- EXERCISE INSTRUCTIONS -
From the data below, copy exactly the lines that lie between the one holding "Weight: 15 lbs" and the one holding "Dentate rocker stamped", including both, and nothing more.

--- MATERIAL PROVIDED ---

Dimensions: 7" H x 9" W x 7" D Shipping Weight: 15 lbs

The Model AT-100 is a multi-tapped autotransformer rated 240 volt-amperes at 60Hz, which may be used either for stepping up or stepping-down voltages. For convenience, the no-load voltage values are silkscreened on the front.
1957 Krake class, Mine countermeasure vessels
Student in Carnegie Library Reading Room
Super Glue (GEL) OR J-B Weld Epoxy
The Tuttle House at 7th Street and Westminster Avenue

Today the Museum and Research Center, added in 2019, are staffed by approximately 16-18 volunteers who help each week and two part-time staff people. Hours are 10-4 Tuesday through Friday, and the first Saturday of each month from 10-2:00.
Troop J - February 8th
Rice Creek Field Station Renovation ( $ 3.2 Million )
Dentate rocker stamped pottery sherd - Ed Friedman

---
--- MATERIAL PROVIDED ---

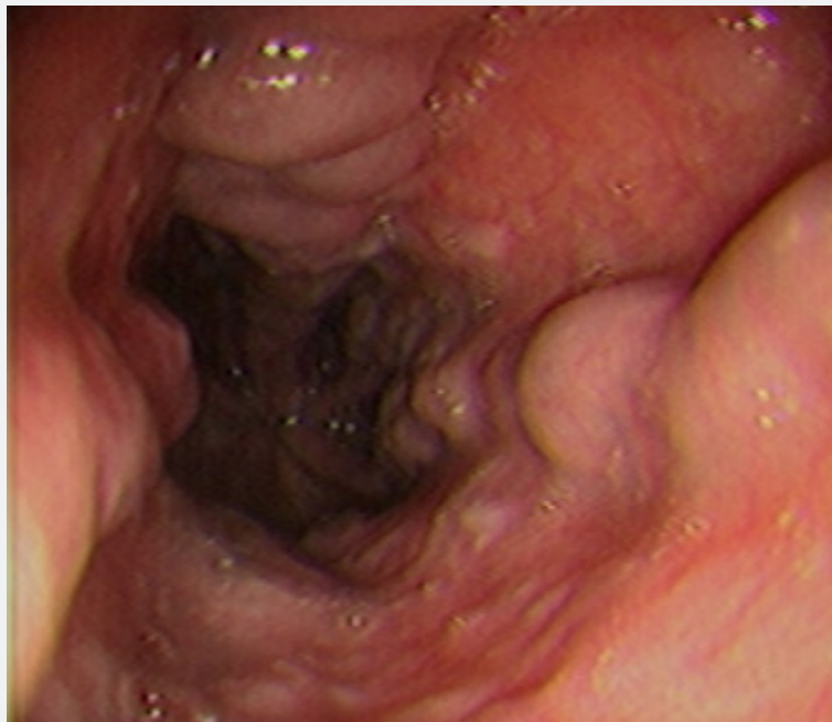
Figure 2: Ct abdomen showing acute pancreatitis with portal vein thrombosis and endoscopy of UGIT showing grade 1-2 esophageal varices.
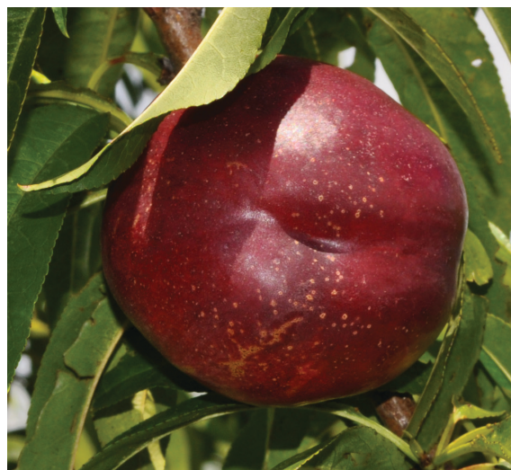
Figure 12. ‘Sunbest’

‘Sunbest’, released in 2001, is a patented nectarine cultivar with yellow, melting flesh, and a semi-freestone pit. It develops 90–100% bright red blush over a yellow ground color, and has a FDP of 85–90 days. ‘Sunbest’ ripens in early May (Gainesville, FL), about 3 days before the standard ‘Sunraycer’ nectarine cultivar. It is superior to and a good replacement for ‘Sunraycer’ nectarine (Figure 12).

---
--- MATERIAL PROVIDED ---

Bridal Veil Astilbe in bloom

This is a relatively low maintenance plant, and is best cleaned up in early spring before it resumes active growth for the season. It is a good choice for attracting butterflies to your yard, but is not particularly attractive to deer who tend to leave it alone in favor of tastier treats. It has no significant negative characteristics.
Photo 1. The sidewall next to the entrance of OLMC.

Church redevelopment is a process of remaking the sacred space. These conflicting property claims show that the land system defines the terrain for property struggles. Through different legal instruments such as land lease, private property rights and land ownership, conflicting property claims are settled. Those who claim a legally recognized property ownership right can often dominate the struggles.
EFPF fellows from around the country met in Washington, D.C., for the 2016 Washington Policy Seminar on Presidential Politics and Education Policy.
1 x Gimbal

---

- ANSWER BOX -
Dimensions: 7" H x 9" W x 7" D Shipping Weight: 15 lbs

The Model AT-100 is a multi-tapped autotransformer rated 240 volt-amperes at 60Hz, which may be used either for stepping up or stepping-down voltages. For convenience, the no-load voltage values are silkscreened on the front.
1957 Krake class, Mine countermeasure vessels
Student in Carnegie Library Reading Room
Super Glue (GEL) OR J-B Weld Epoxy
The Tuttle House at 7th Street and Westminster Avenue

Today the Museum and Research Center, added in 2019, are staffed by approximately 16-18 volunteers who help each week and two part-time staff people. Hours are 10-4 Tuesday through Friday, and the first Saturday of each month from 10-2:00.
Troop J - February 8th
Rice Creek Field Station Renovation ( $ 3.2 Million )
Dentate rocker stamped pottery sherd - Ed Friedman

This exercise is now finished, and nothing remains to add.